On Sutures, Sisterhood, and the Girl in the Mirror

Waking up the morning of surgery, I felt jitters. They weren’t the normal, pre-surgical, Oh fuck – I’m going under the knife, jitters that you might expect, either. These jitters felt like anticipation – what you might feel on Christmas Eve, as a five-year-old, hoping Santa got you the Barbie Dreamhouse you’d been asking for, for years (which I never got by the way – thanks mom and dad). It felt like preparing for something I’d waited my entire adult life for, something I’d spent countless days dreaming about. I was so ready.


I hopped in the shower and lathered the bland Dial soap, which they require you to use prior to surgery, all over my body. I washed my hair, as instructed. I let the water wash over me, removing any debris that could cause infection during surgery, and then I turned off the water, stepped out of the shower, dried myself completely. As I did this final step, I couldn’t help stare at my body in the mirror and think about how poetic everything seemed. For my entire life, I’d stared at this body in different bathroom mirrors.


It was the same body I viewed, as a little girl, one towel wrapped around my body, a dress – another wrapped around my head, a makeshift wig, as I sang along to whichever of my favorite CDs was playing on the boombox at the time (likely Britney Spears, the Spice Girls, or Hilary Duff – if I had to guess).

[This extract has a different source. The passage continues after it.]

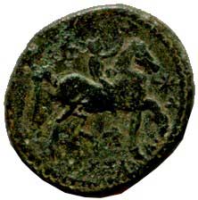 25. | AE 18 mm A: Hlava Apolla vpravo R: Jezdec na koni vpravo, dole zvíře
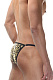Золотистые мужские трусы-танга с принтом в виде букв.

It was the same body I’d watched change over the course of adolescence – as testosterone acted as a poison for me, coursing through my veins – slowly but certainly altering me, until I’d lost sight of that little girl entirely.


It was the same body that, in college, I dressed in drag for the first time – where I felt the smile of that little girl return, even if just for one night.


And it was the same body I’d pricked with a needle and syringe full of estrogen, each week, for the past almost two years – the one I watched morph into a version of itself that finally felt in alignment with what that little girl, towel wrapped around her head, saw in herself, over two decades prior.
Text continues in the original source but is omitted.